Based in Bloomington, Indiana, Deusner grew up in Tennessee and was living in Delaware when he first heard the band in 2003.
“I had just moved away from the South. My dad was very sick at the time and sick in a way that I knew he was not going to get better,” said Deusner. “To be missing home and to be missing family and then to have this band that knew what those things are hit me really hard.”
He pinpoints the song “My Sweet Annette” from the “Decoration Day” album as the song that hooked him.
“This band knew what my home was like but wasn’t sugarcoating it and also wasn’t romanticizing it,” he said. “I think the seeds of this book were sown in that moment.”
Credit: undefined
Credit: undefined
“Where the Devil Don’t Stay” is not a chronological telling of the band’s trajectory. Instead, it’s like a travelogue that maps locations around the South where the band lived and worked and based their songs. And it examines how those places shaped the band. It was an idea Deusner latched onto pretty early in the writing process.
“I thought that would get at something that was very unique to the band, that might get at what they’re trying to say about the South,” he said.
Athens figures prominently in the book, naturally. When Hood moved to Georgia in 1994, he was headed to Atlanta with an eye on Cabbagetown and the country punk scene known as the Redneck Underground. But when he visited a friend in Athens, he was swayed to change his plans and eventually convinced Cooley to join him. That environment turned out to be part of the secret sauce that made the band click.
“I think having something that felt manageable, that wasn’t a big city like Atlanta but was a small, more contained, more noble community gave (Patterson) a sense that he could play music on his own terms,” said Deusner. “He could do the things he wanted to do and let things gestate a little bit. I think that place fostered the band and gave them the tools they needed to survive and sustain success over time.”
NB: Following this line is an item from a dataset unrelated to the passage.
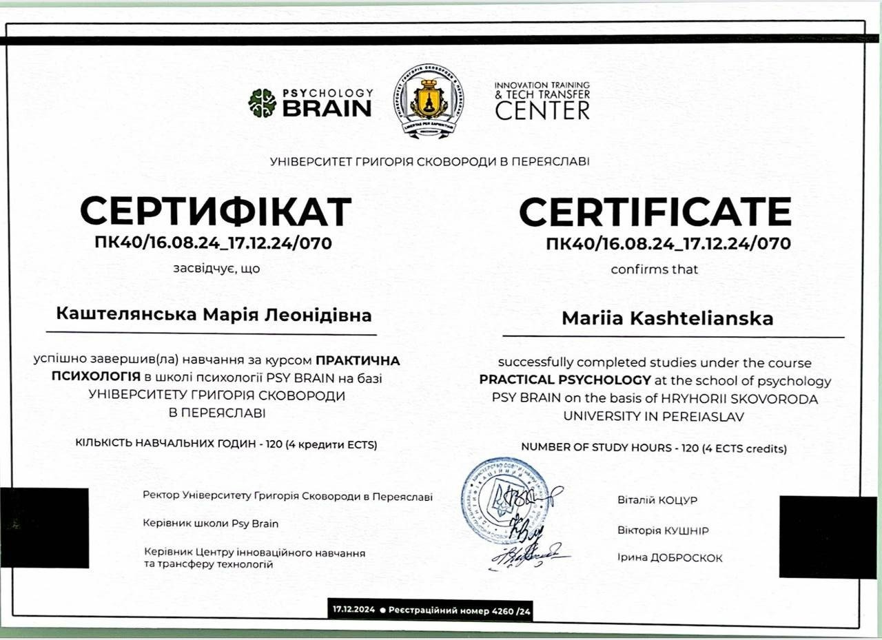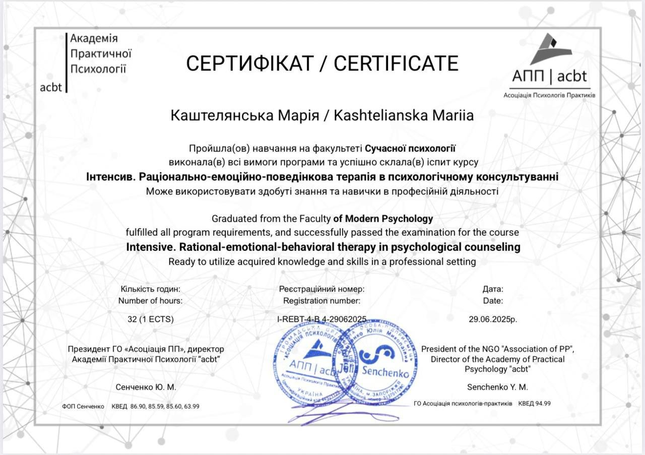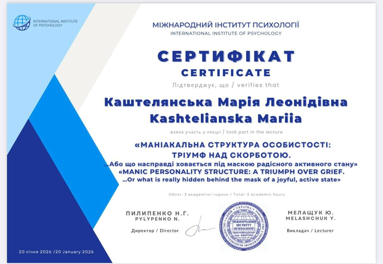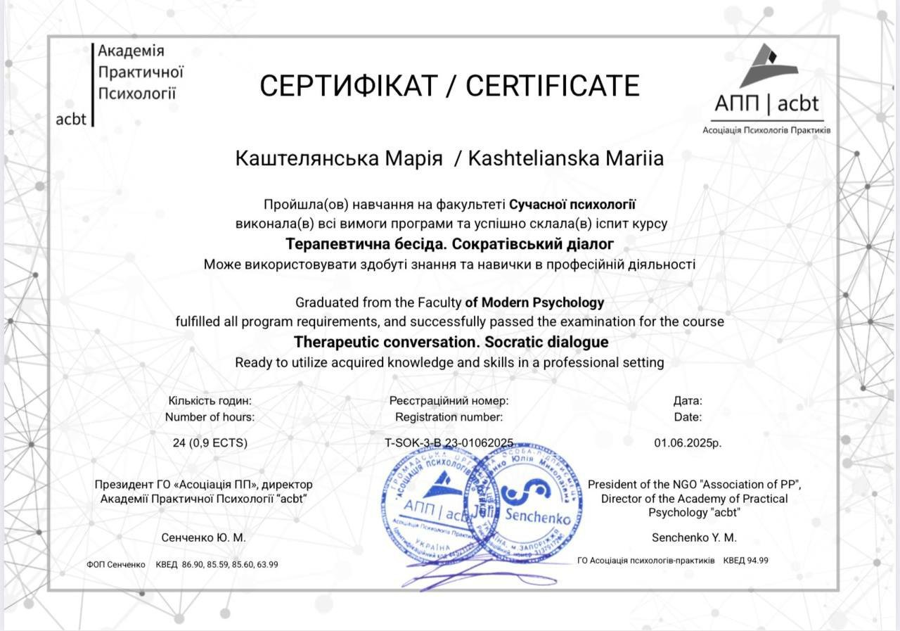 Я магістр психології, член Національної психологічної асоціації України.

Credit: Anna Powell Denton
Credit: Anna Powell Denton
Now in its 25th year, the band continues to evolve. Hood has become a displaced Southerner, having moved to Portland, Oregon, in 2015. The following year, the band released “American Band,” what Deusner calls a “career-revitalizing album” and “one of the great rock protest albums of the last decade.” It marked a departure from the band’s previous studio albums in several ways, starting with the cover, which featured a black-and-white photograph of an American flag at half-mast instead of the usual trippy illustration by Wes Freed.
The album alienated a lot of fans who thought it was too political, said Deusner, but as he points out, the band has always been political.
“They were very political depicting the South, depicting urban-rural divides, depicting these locales that had been scenes of racism and violence ... but it’s just filtered through story and character,” said Deusner. “It’s not them speaking to you directly, it’s them telling you stories that address those issues. Whereas, in ‘American Band,’ they remove that wall, and they’re speaking more directly and they’re speaking very specifically and with a lot of outrage.”
By calling the record “American Band,” Deusner said the Drive-By Truckers are sending a signal that they are widening their scope.
“They’ve always talked about the duality of the Southern thing,” said Deusner. “The phrase that came back to me when I heard that album was that it was now the duality of the American thing.”